Comparing Fractions

Less than, Greater than, or Equal to

Baking

Justin and Annie are baking cakes for a school fundraiser. Annie's recipe calls for 2 2/3 cups of flour. Justin's cake needs 11/12 as much flour as Annie's. How does the amount of flour needed for Annie's cake compare to that of Justin's?

There are several strategies you can use to find a solution. Show your work and explain your answer.

Student Misconceptions and Mistakes

Oftentimes, students do not know where to begin. Since the problem asks us to compare, the student first needs to identify what they should compare and then how to set the problem up. There are a couple of strategies that the student can use, so they should pick the one that best suits their ability, but also one that they are capable of explaining since that is part of their answer. Students should be able to justify their work.

Students may pick the incorrect operation, or compute incorrectly. For example, subtracting 11/12 from 2 2/3 would show a lesser amount, but the operation would be incorrect. Students who like to stick to steps to solve problems would set the problem up as 11/12 of 2 2/3 ____ 2 2/3. They could do the computation (multiply) the sides and compare. Students who have an understanding of fractions would realize that 11/12 is less than 1, so Justin is using a lesser amount of flour than Annie.

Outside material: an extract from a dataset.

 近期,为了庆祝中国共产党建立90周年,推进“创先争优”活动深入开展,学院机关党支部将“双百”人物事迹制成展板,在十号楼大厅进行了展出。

This type of learner would not have to actually do the math, but could make inferences about the solution based on their prior knowledge. Visual learners might draw a model.

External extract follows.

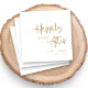 Celebrate your happily ever after with these elegant gold accent script wedding napkins that can be personalized with your names and date. The napkins feature a beautiful "Happily Ever After" script design in gold accent on a white background, and they are perfect for any wedding theme. The napkins are sure to add a touch of sophistication and luxury to your special day, and they will make a lasting impression on your guests.
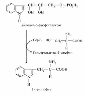 6. Синтез триптофану з индолил-3-гліцерофосфату і серину:

Another mistake students might make is not answering the question and/or explaining their solution. The explanation is part of the task, so student would have to be able to explain their thinking.

Teacher Prompts

"What is the question asking?"

"Ask your neighbor what they think."

The teacher can ask questions like these to get students started.

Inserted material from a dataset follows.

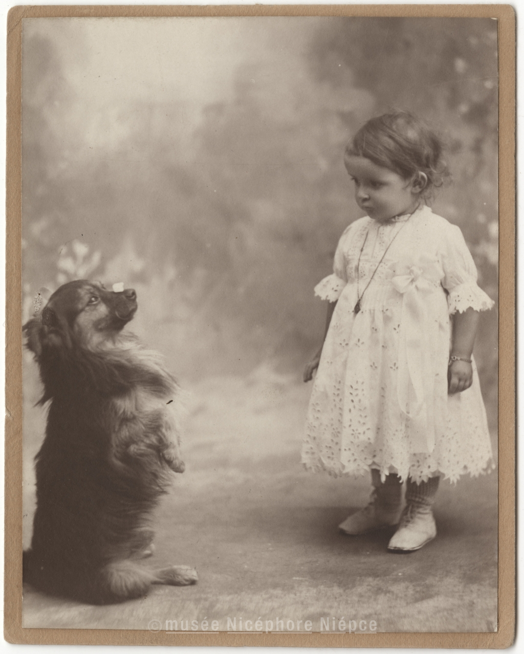 Fillette avec un chien en studio

"This problem is asking you to compare two amounts. What options should you consider when comparing numbers?"

"What strategies have we learned so far for comparing fractions?"

"What key words can you pick out? So, what operation do those key words tell you to do?"


Higher level thinkers or early finishers could have an extension portion of this task where they have to figure out how many cakes Justin and Annie would each have to make so that they used equal amounts of flour.